## Directions for this task:
Reproduce the listing below character for character; drop every image.
START Recorded information
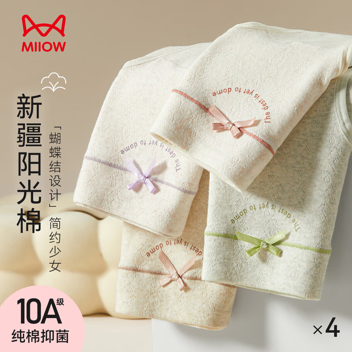 猫人【10A抑菌】女士内裤女纯棉100%棉抑菌底裆中腰大码少女三角裤
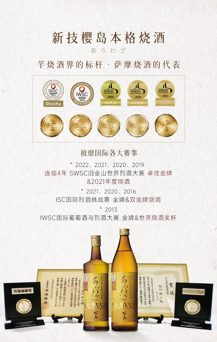 【日本原瓶烧酒】日本本坊酒造新技樱岛本格烧酒900ml单支
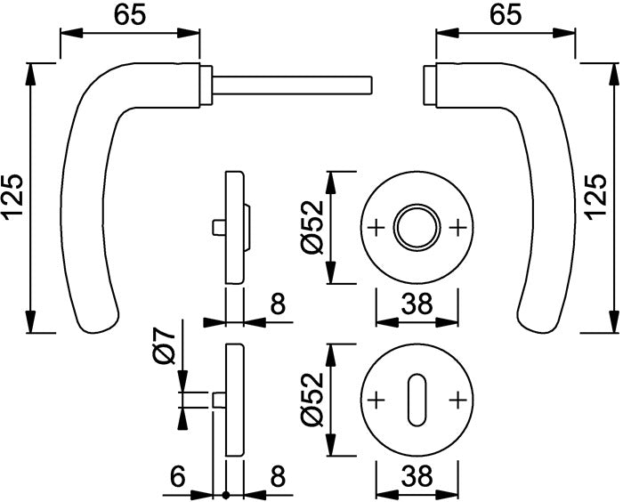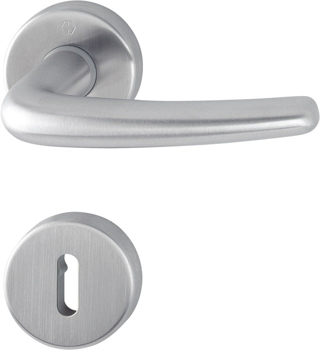 Stainless steel interior door rosette set (door handle set) - tested in accordance with DIN EN 1906 (usage category class 3) - door handle with quick pin connection - rosettes with plastic substructure - return spring and support cams - concealed, continuous screw fitting with self-tapping threaded screws - square 8 mm - for door thickness 37 - 42 mm - hinge direction DIN left / right
END Recorded information
## Solved problem:
 猫人【10A抑菌】女士内裤女纯棉100%棉抑菌底裆中腰大码少女三角裤
 【日本原瓶烧酒】日本本坊酒造新技樱岛本格烧酒900ml单支
 Stainless steel interior door rosette set (door handle set) - tested in accordance with DIN EN 1906 (usage category class 3) - door handle with quick pin connection - rosettes with plastic substructure - return spring and support cams - concealed, continuous screw fitting with self-tapping threaded screws - square 8 mm - for door thickness 37 - 42 mm - hinge direction DIN left / right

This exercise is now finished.